Start of DATA

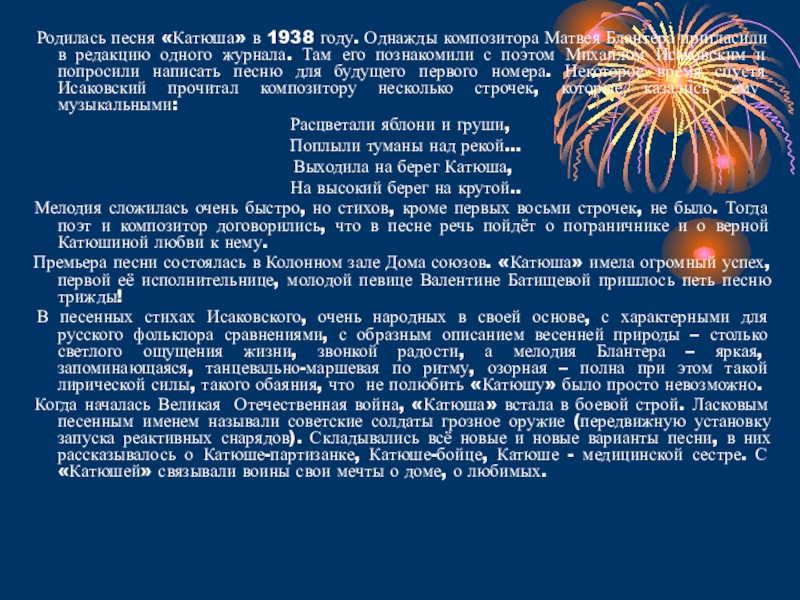 Слайд 14 Родилась песня «Катюша» в 1938 году. Однажды композитора Матвея Блантера
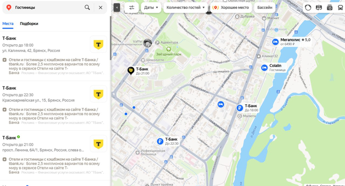 По другим городам АНАЛогично. Везде банкоматы Т-банка идут на первых местах в выборке по гостиницам на картах Яндекса. Если приглядеться, то под "карточкой" видно, что это реклама. И в самой "карточке" что-то про гостиницы написано - заказ или кэшбек. Но всё равно это такое пидорство, что даже слов нет. Цензурных.
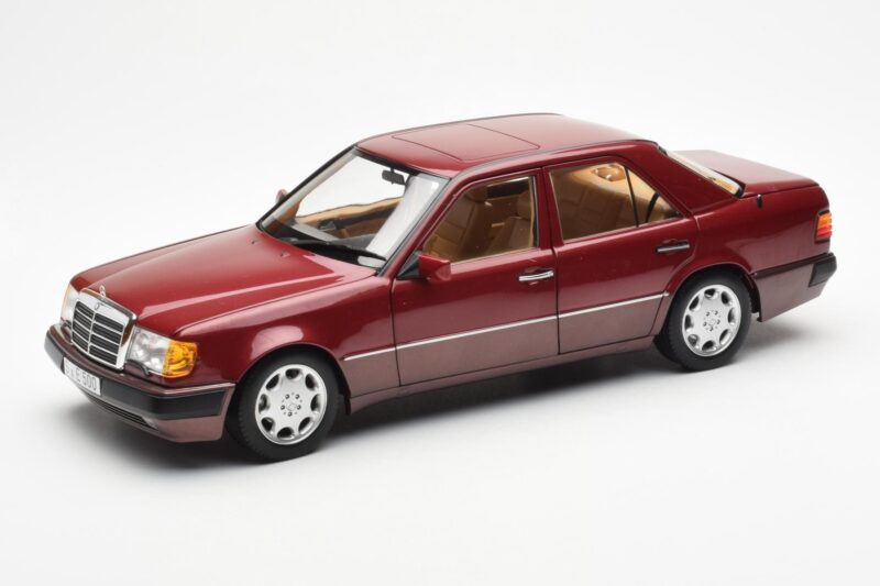 The Mercedes 500E W124 Röd Metallic Återförsäljarutgåva Norev 1:18 is crafted from Metall. Die-cast zinc alloy body with detailed plastic parts, rubber tires, and high-quality paint finish. Die-cast models are known for their weight, durability, and realistic feel.
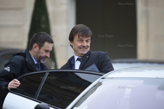 Caption : Conseil des ministres au palais de l'Elysée. Nicolas Hulot, ministre d'Etat, ministre de la Transition écologique et solidaire /// Cabinet meeting at the Elysee Palace. Nicolas Hulot, Minister of State, Minister of Ecological and Concerted Transition - Paris - 12/01/2018 - Photo © Lionel Préau +33 (0)6 68 12 83 77
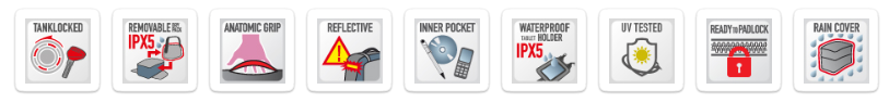 Bolsa de tanque con tanque con bolsa interna impermeable y puerta de mapa extraíble, capacidad de 20 litros Materiales: • 1200D W/R poliéster con alta tenacidad y caparazón de espuma de polímero. • Insertos de hipalon. • Material externo de alta resistencia UV (Ref. ISO 4892 - 2) Equipo: • Bolsa interna impermeable extraíble con impermeabilización IP65 (resistente a las fuertes lluvias y condiciones extremas) • 2 bolsillos externos con cremallera • Pocket de navegador/teléfono móvil incluido en la tapa • Motivos reflexivos para una mayor visibilidad • Mapa de la puerta/tableta a prueba de agua con lona extraíbles soldado de alta frecuencia • Spreads para el transporte de mochila • Rolado extraíble del bolsillo trasero para cubrir el ataque base cuando la bolsa se transporta a la mochila • Cubra la antipoggia con ventana transparente El sistema bloqueado por tanque le permite asegurarse de que la bolsa de la brida específica, montada en la tapa del tanque, a través de la tecla de bloqueo de seguridad para garantizar una mayor seguridad. Puede colocar y soltar la bolsa del tanque sin la ayuda de la llave, Usándolo solo cuando deja la motocicleta desatendida. Bloquear con llave de bloqueo de seguridad posiblemente uniforme a la de la caja superior, maletas laterales, base de tranvía, Soporte de caja de herramientas, con kits específicos de SL102-SL103-SL105. Para combinar necesariamente con bridas específicas bf_ _ Hecho en Italia. La descripción puede estar sujeta a cambios por parte del proveedor sin previo aviso.

End of DATA

Retype the data above exactly. Leave the pictures out.

 Слайд 14 Родилась песня «Катюша» в 1938 году. Однажды композитора Матвея Блантера
 По другим городам АНАЛогично. Везде банкоматы Т-банка идут на первых местах в выборке по гостиницам на картах Яндекса. Если приглядеться, то под "карточкой" видно, что это реклама. И в самой "карточке" что-то про гостиницы написано - заказ или кэшбек. Но всё равно это такое пидорство, что даже слов нет. Цензурных.
 The Mercedes 500E W124 Röd Metallic Återförsäljarutgåva Norev 1:18 is crafted from Metall. Die-cast zinc alloy body with detailed plastic parts, rubber tires, and high-quality paint finish. Die-cast models are known for their weight, durability, and realistic feel.
 Caption : Conseil des ministres au palais de l'Elysée. Nicolas Hulot, ministre d'Etat, ministre de la Transition écologique et solidaire /// Cabinet meeting at the Elysee Palace. Nicolas Hulot, Minister of State, Minister of Ecological and Concerted Transition - Paris - 12/01/2018 - Photo © Lionel Préau +33 (0)6 68 12 83 77
 Bolsa de tanque con tanque con bolsa interna impermeable y puerta de mapa extraíble, capacidad de 20 litros Materiales: • 1200D W/R poliéster con alta tenacidad y caparazón de espuma de polímero. • Insertos de hipalon. • Material externo de alta resistencia UV (Ref. ISO 4892 - 2) Equipo: • Bolsa interna impermeable extraíble con impermeabilización IP65 (resistente a las fuertes lluvias y condiciones extremas) • 2 bolsillos externos con cremallera • Pocket de navegador/teléfono móvil incluido en la tapa • Motivos reflexivos para una mayor visibilidad • Mapa de la puerta/tableta a prueba de agua con lona extraíbles soldado de alta frecuencia • Spreads para el transporte de mochila • Rolado extraíble del bolsillo trasero para cubrir el ataque base cuando la bolsa se transporta a la mochila • Cubra la antipoggia con ventana transparente El sistema bloqueado por tanque le permite asegurarse de que la bolsa de la brida específica, montada en la tapa del tanque, a través de la tecla de bloqueo de seguridad para garantizar una mayor seguridad. Puede colocar y soltar la bolsa del tanque sin la ayuda de la llave, Usándolo solo cuando deja la motocicleta desatendida. Bloquear con llave de bloqueo de seguridad posiblemente uniforme a la de la caja superior, maletas laterales, base de tranvía, Soporte de caja de herramientas, con kits específicos de SL102-SL103-SL105. Para combinar necesariamente con bridas específicas bf_ _ Hecho en Italia. La descripción puede estar sujeta a cambios por parte del proveedor sin previo aviso.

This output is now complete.